Problem to work on
Return an exact copy of the data, starting at its first line and ending at the line that contains "FFlowはファイルやフォル", minus any pictures.

Data section
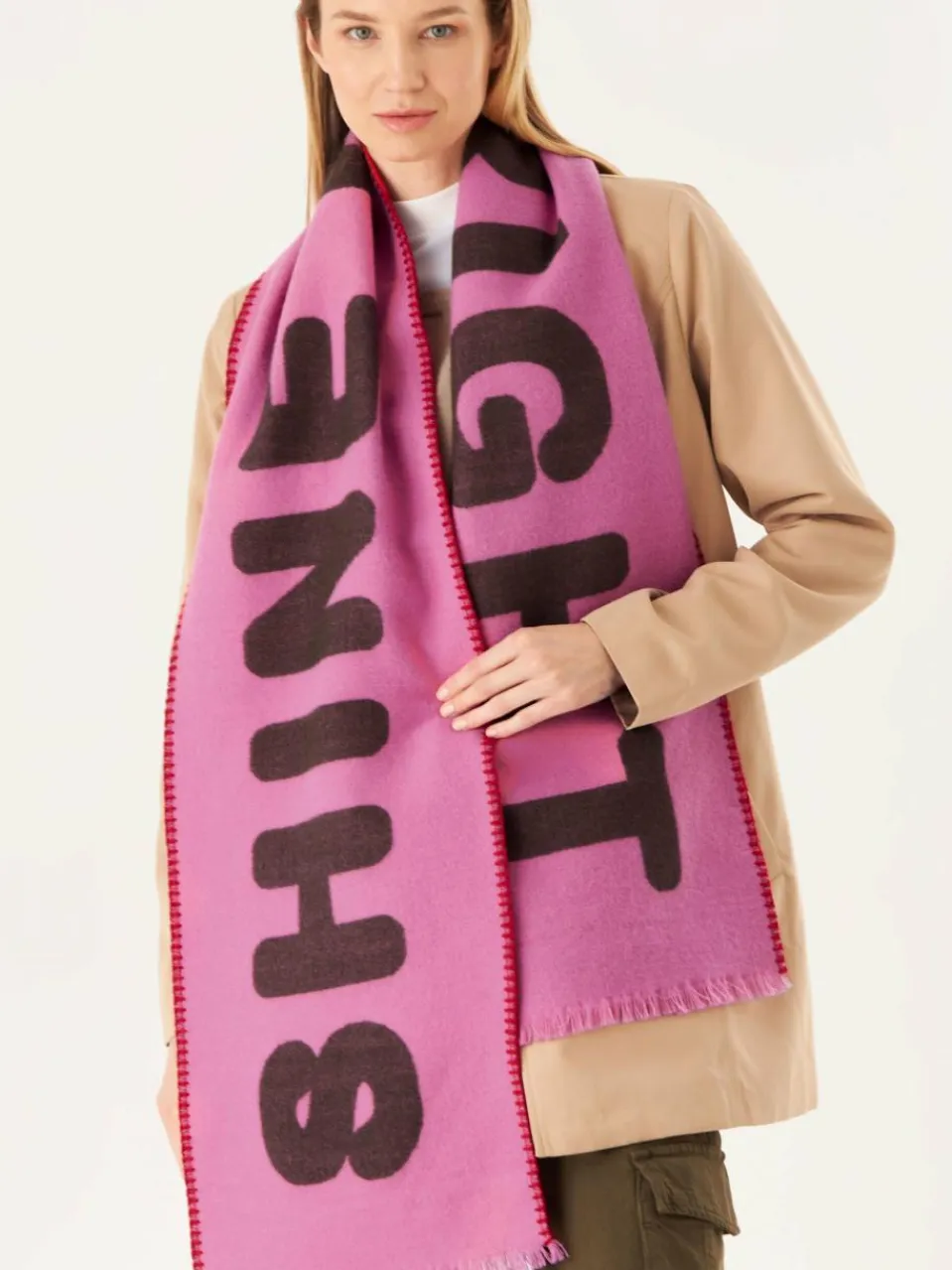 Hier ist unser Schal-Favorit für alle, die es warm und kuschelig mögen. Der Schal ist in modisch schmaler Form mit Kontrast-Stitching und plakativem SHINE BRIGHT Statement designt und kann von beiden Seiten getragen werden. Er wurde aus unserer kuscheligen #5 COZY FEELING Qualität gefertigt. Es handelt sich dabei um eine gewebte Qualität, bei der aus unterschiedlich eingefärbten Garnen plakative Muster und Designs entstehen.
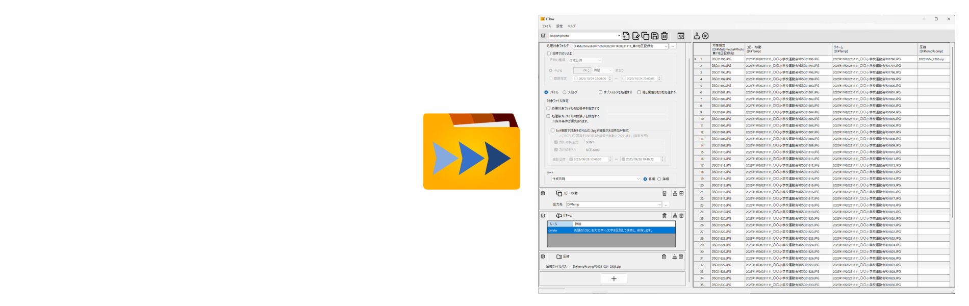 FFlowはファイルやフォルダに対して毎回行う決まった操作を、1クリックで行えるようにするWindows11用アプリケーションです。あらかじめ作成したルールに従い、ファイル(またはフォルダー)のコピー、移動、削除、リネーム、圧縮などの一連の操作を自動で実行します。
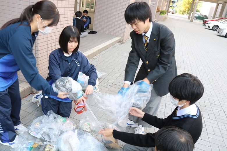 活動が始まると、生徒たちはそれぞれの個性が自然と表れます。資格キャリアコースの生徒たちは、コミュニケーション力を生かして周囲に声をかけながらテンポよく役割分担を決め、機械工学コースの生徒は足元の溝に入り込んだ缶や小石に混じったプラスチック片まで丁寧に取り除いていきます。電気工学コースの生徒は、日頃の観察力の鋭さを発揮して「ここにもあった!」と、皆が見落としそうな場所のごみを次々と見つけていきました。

Output of the exercise
 Hier ist unser Schal-Favorit für alle, die es warm und kuschelig mögen. Der Schal ist in modisch schmaler Form mit Kontrast-Stitching und plakativem SHINE BRIGHT Statement designt und kann von beiden Seiten getragen werden. Er wurde aus unserer kuscheligen #5 COZY FEELING Qualität gefertigt. Es handelt sich dabei um eine gewebte Qualität, bei der aus unterschiedlich eingefärbten Garnen plakative Muster und Designs entstehen.
 FFlowはファイルやフォルダに対して毎回行う決まった操作を、1クリックで行えるようにするWindows11用アプリケーションです。あらかじめ作成したルールに従い、ファイル(またはフォルダー)のコピー、移動、削除、リネーム、圧縮などの一連の操作を自動で実行します。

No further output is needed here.